Thursday, March 26, 2009

Learning language

A very brief post today.
One day when my mother was busy I remember asking (since I could reach the wash basin by standing on the bathroom stool) whether I might get a drink from the toilet.  My mother was horrified.  I don't know if either of us ever realized that I used 'toilet' for the whole bathroom, as in 'go to the toilet', but for quite a long time I refused to fill a cup for myself at the wash basin.  
Quite different.  One day, when we were playing in the sandpile, and my mother was taking in dry laundry, at the time as I was learning letters (well before I went to school), I kept naming strings of letters and asking her what they spelled.  "No, that's not a word."  But when I said, does A S S spell 'ass', she told me not to spell it or to say it.  Can I have been quite ignorant?  True, it is very easy phonetics.

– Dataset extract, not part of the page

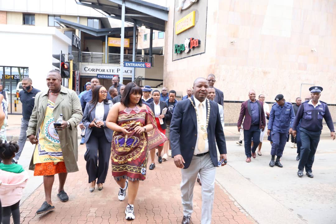 Princess Sakhizwe led the delegation as they crossed from Swazi Plaza Properties toward The Mall and New Mall on Dr Sishayi Road, where they were warmly received by Nhlanhla Nkonyane of The Mall and New Mall. The tour offered an exclusive preview of how the precinct will be transformed into a well curated local superstore showcasing the very best of products and services made in Eswatini.

One day, at the grandparents, I asked my grandfather for an apple.  He cut one in two, peeled and cored one piece, and said "Here's a half apple".  Then he cut the second piece in two, and said "Here's a quarter apple for you and a quarter for me."  The next day we got to sixteenths, which was about as far as my numbers went, except for just reciting by rote, which is merely preparatory.  That year when I was four, at Thanksgiving we had the china with six bundles of flowers around the rim.  While waiting my turn to be served, I kept looking at them and heard myself say "Three is six  in half, and two is six in threes", to myself, not expecting anyone to notice.  But they did notice.  They didn't know what my grandfather had been entertaining me with (one advantage of being a first grandchild or an only child).  Since then I have confirmed that almost any child between three and six can pick up the same insight.  I never could figure out why the teacher taught the rudiments of fractions year after year.
I thought of apples and flowers again much later when I learned that early civilizations had worked duodecimally, rather than decimally.